Search code examples
pythonhtmlbeautifulsoupabbr

How to convert html `abbr` tag text to a text in parentheses in Python?


I need to convert hundreds of html sentences generated by an outside source to readable text, and I have a question about conversion of abbr tag. Below is an example:

from bs4 import BeautifulSoup
text = "<abbr title=\"World Health Organization\" style=\"color:blue\">WHO</abbr> is a specialized agency of the <abbr title=\"United Nations\" style=\"color:#CCCC00\">UN</abbr>."
print (BeautifulSoup(text).get_text())

This code returns "WHO is a specialized agency of the UN.". However, what I want is "WHO (World Health Organization) is a specialized agency of the UN (United Nations)." Is there a way to do this?

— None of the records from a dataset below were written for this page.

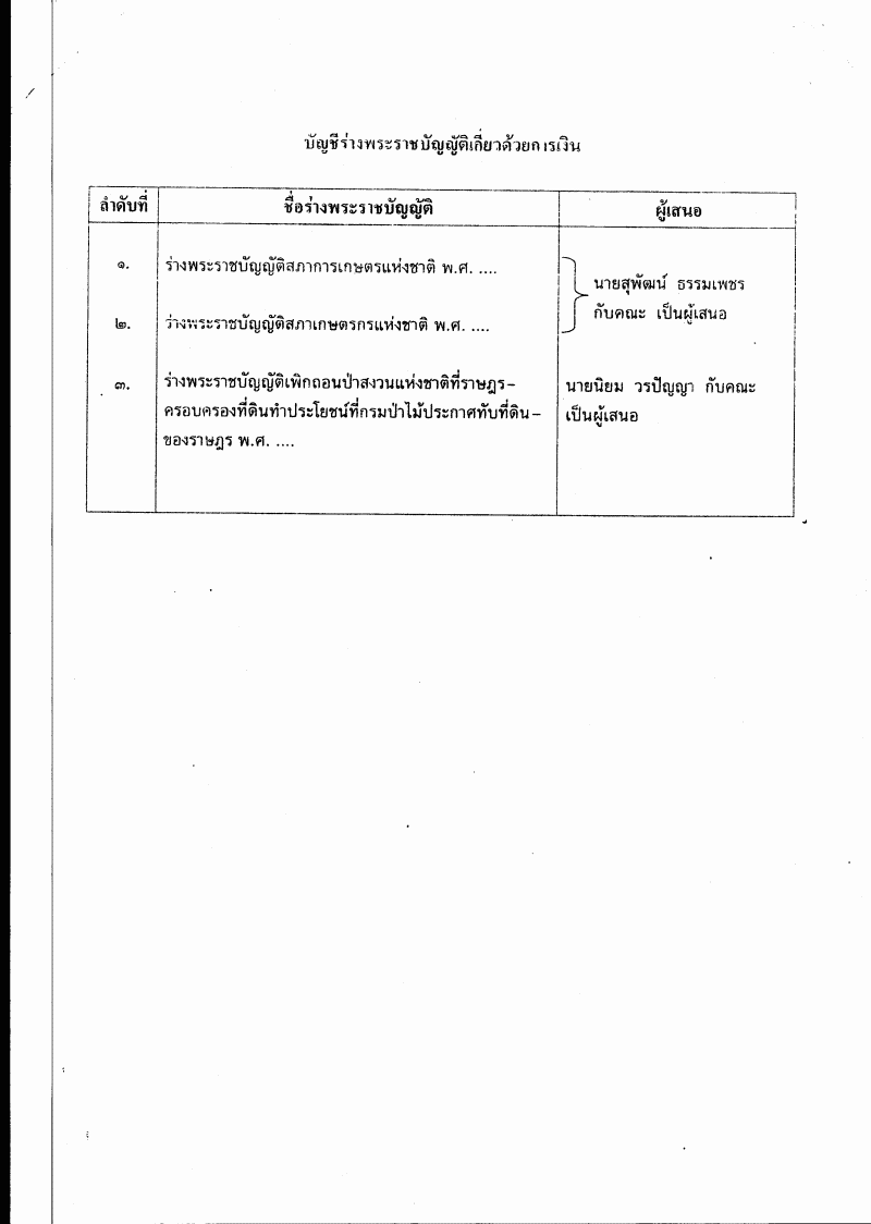• ร่างพระราชบัญญัติสภาการเกษตรแห่งชาติ พ.ศ. ...., ร่างพระราชบัญญัติสภาเกษตรกรแห่งชาติ พ.ศ. ...., ร่างพระราชบัญญัติเพิกถอนป่าสงวนแห่งชาติ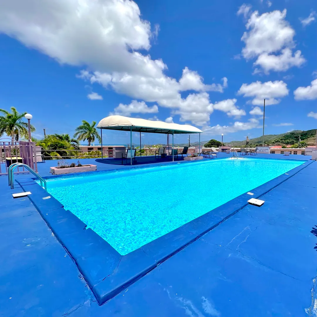 Renovated, turn-key, fully furnished, fully air conditioned 1 BR/1BA upper-level gated condo with sparkling blue swimming pool, gorgeous Buck Island & sea view. Like-new stainless steel appliances, newly tiled bathroom floors, 2 flat screen TVs, desk study, dining table & large A/C bedroom. Coin-operated laundry facility and condo office on property. Fully furnished, move-in ready unit just minutes to Christiansted town, restaurants, beaches, grocery stores & more!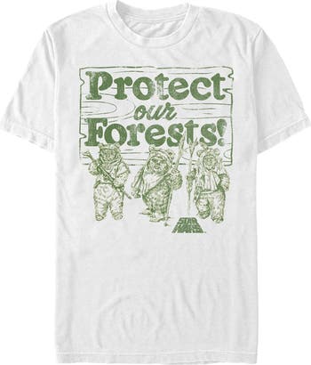 Don't let the Empire destroy the forests of Endor! Stand up to Stormtroopers with the Star Wars Ewok Protect Our Forests Men's T-Shirt. A vintage-style distressed green print reads "Protect Our Forests" above three Ewoks and the Star Wars logo printed on the front of this awesome Ewok T-shirt.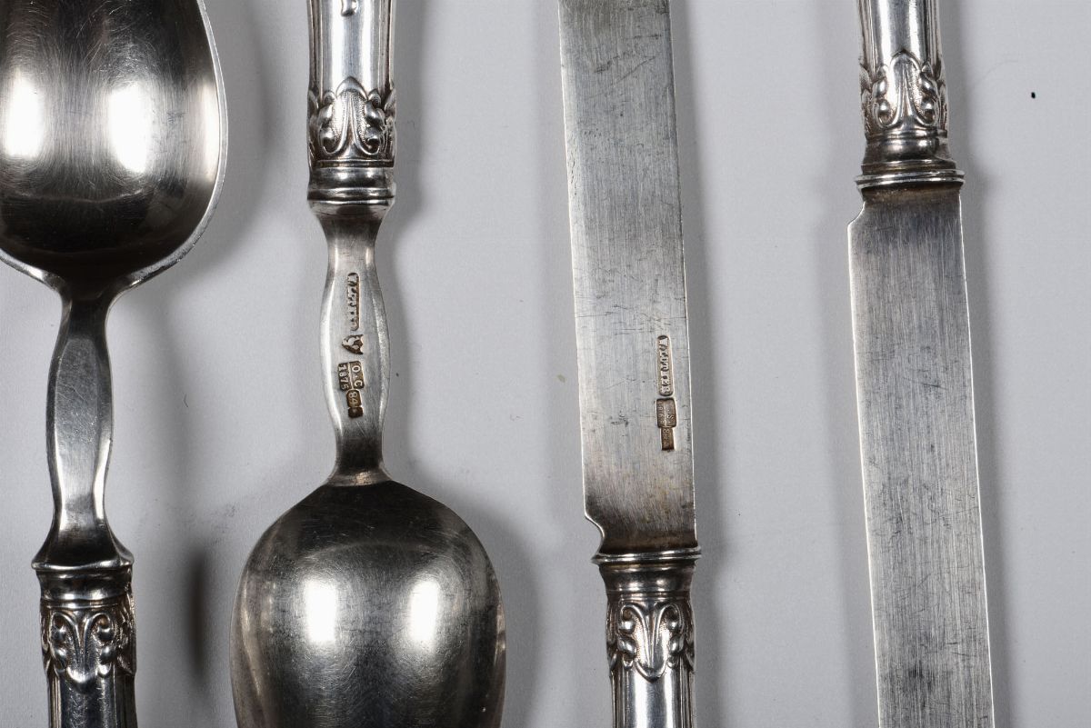 Servizio di posate in argento. Russia XIX secolo (bolli differenti)

Maybe another module rather than BeautifulSoup?


Solution

  • You can iterate over the elements in soup.contents:

    from bs4 import BeautifulSoup as soup
    text = "<abbr title=\"World Health Organization\" style=\"color:blue\">WHO</abbr> is a specialized agency of the <abbr title=\"United Nations\" style=\"color:#CCCC00\">UN</abbr>."
    d = ''.join(str(i) if i.name is None else f'{i.text} ({i["title"]})' for i in soup(text, 'html.parser').contents)
    

    Output:

    'WHO (World Health Organization) is a specialized agency of the UN (United Nations).'